Pierre-Auguste Renoir: A Portrait of Perseverance

Famous Nineteenth Century French Artist Had Crippling Rheumatoid Arthritis

Print Collector/Hulton Archive/Getty Images

Pierre-Auguste Renoir (1841-1919)

"For me a picture has to be something pleasant, delightful, and pretty - yes, pretty. There are enough unpleasant things in the world without us producing even more." ~ Pierre-Auguste Renoir

Pierre-Auguste Renoir, famous nineteenth century French artist, had nearly 60 years of active life as an artist, during which time he is said to have painted about 6,000 pictures.

Anyone who has taken an art class or toured an art museum has encountered some portion of Renoir's impressionistic works.

It is not commonly known that Renoir battled severe rheumatoid arthritis. Renoir fought to overcome the disease so that he could continue creating his masterpieces. Though he suffered greatly at times and the disease became crippling, he continued to persevere through his work.

Renoir was born in 1841 and died in 1919. The last three decades of his life allowed Renoir to be recognized, triumphant, and financially successful with his art.

Crippling Rheumatoid Arthritis

"Work lovingly done is the secret of all order and all happiness." ~Pierre-Auguste Renoir

Around 1898, if not before, Renoir suffered his first severe attack of rheumatoid arthritis. It forced him to spend the winter months in the south of France, in Provence, and to seek medical treatment in the summer months.

During the next several years, he experienced bouts of illness and bouts of improved health. But, it was not long before the rheumatoid arthritis became excruciatingly painful and gave him more trouble. His joints became deformed and his skin dried up.

In 1904, Renoir weighed only 105 pounds and was barely able to sit.

By 1910, he could not even walk using crutches and became a prisoner in his wheelchair. His hands were completely deformed, like claws of a bird. A gauze bandage was used to prevent his fingernails from growing into the flesh. Renoir was unable to pick up a paintbrush at this point and it had to be wedged between his fingers. He continued to paint every day unless an attack of arthritis forced him to lie on his bed where a wire construction protected his body from being touched by his bedclothes.

Adapting to Change

"One must from time to time attempt things that are beyond one's capacity." ~ Pierre-Auguste Renoir

There were episodes when Renoir was completely paralyzed. He would allow the attack to subside, then continue where he left off at his easel. Renoir had an easel where each canvas could be rolled up like a woven product in a loom. That easel allowed him to cope with larger formats, even though he had to sit in his wheelchair and could only move his arm in short, sudden motions to thrust the paintbrush forward.

Renoir said once to an art dealer who was observing him paint, "You see, you don't even need a hand for painting!"

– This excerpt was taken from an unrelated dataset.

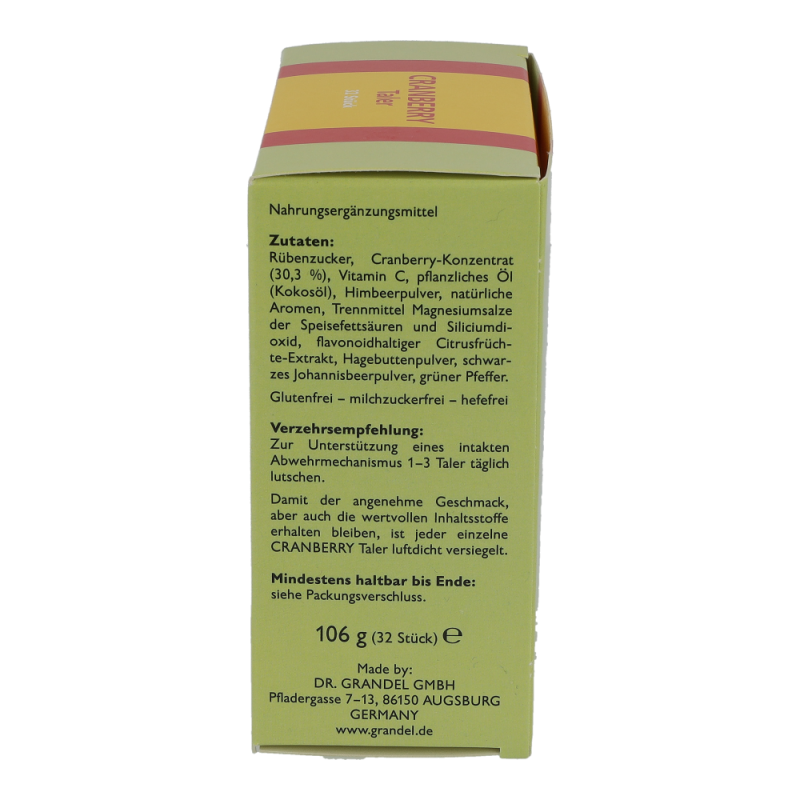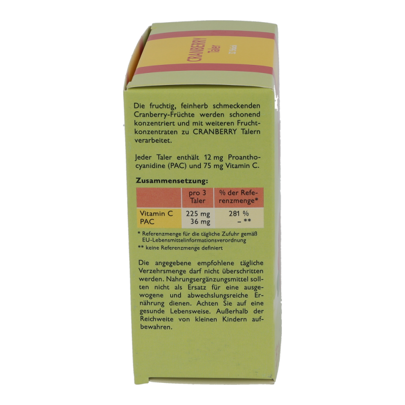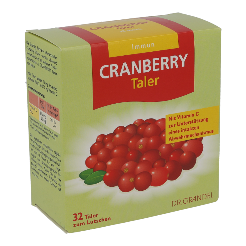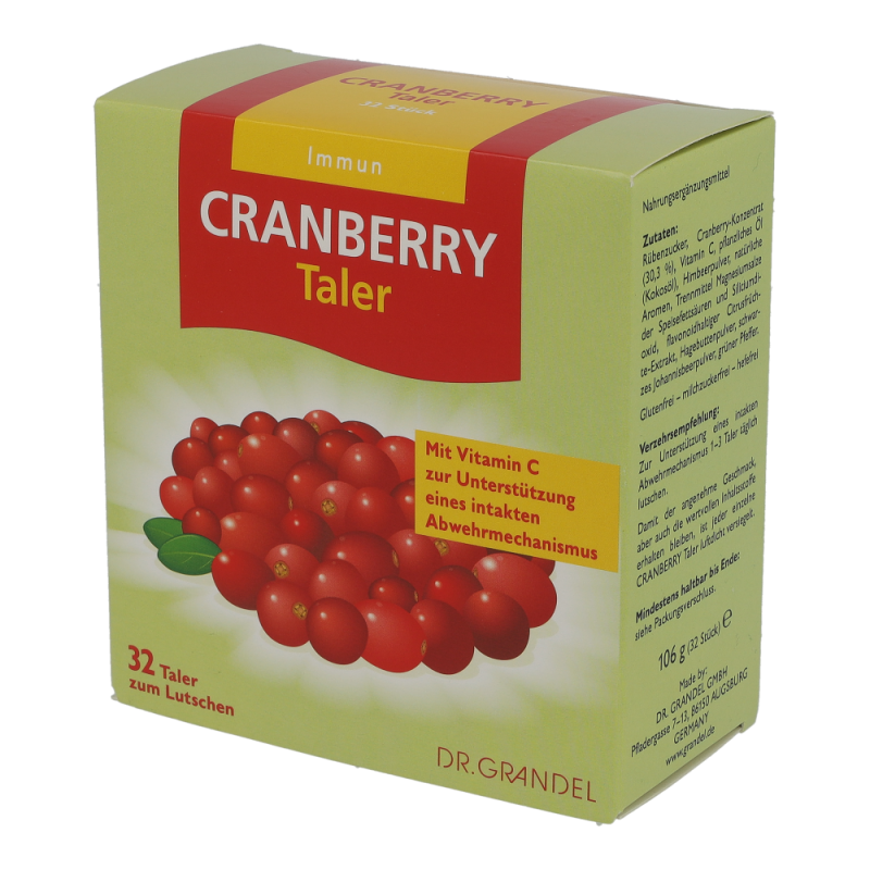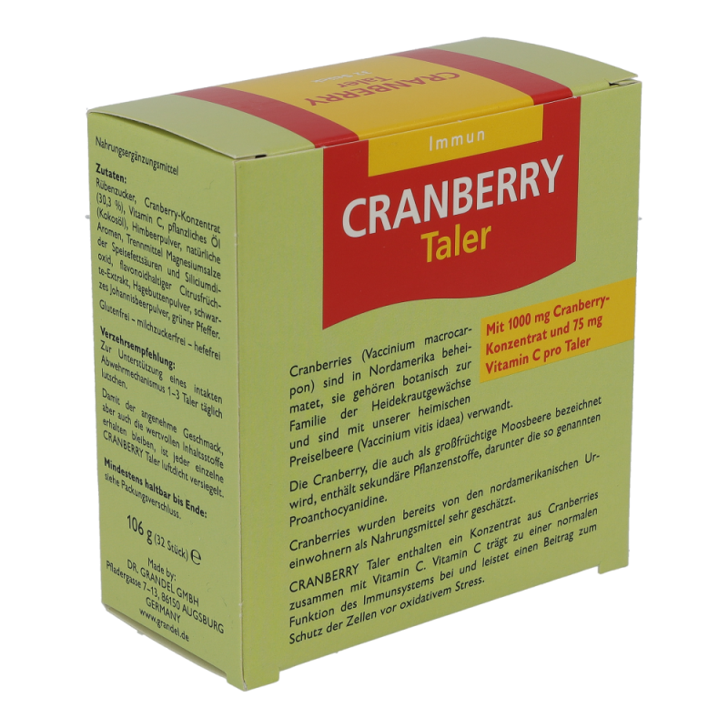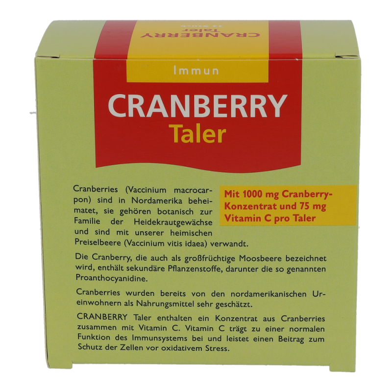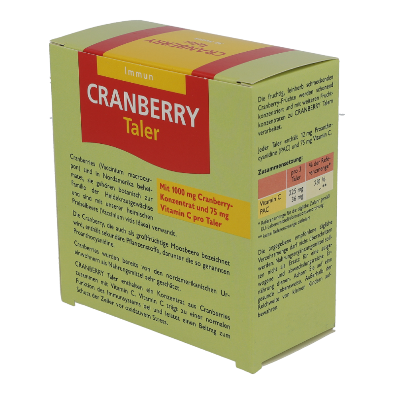 Cranberry Taler enthalten ein Konzentrat aus Cranberries zusammen mit Vitamin C. Vitamin C trägt zu einer normalen Funktion des Immunsystems bei und leistet einen Beitrag zum Schutz der Zellen vor oxidativem Stress.

In 1912, another attack of rheumatoid arthritis left Renoir's arms paralyzed and left him unable to paint. Renoir took up sculpture but used somebody else's hands to form the clay according to his instructions. Sculptures were created that had never been touched by Renoir's hands but they were works that came from his mind. Renoir would direct his assistant to "take a little more off there" or "make it rounder" until he was pleased with how the piece looked. By 1915, Renoir was carried to his easel every morning. Revived by his work, he was able to create paintings once again in the few years before his death.

Joyous Works

"The pain passes, but the beauty remains." ~ Pierre-Auguste Renoir

It has been said that although Renoir was old, sick, and decrepit, there was never any despair or weariness in his art. He never allowed it to be invaded by feelings of envy or anger towards those in good health. The hundreds of works he produced during the last few years of his life were an ode to happiness and joy.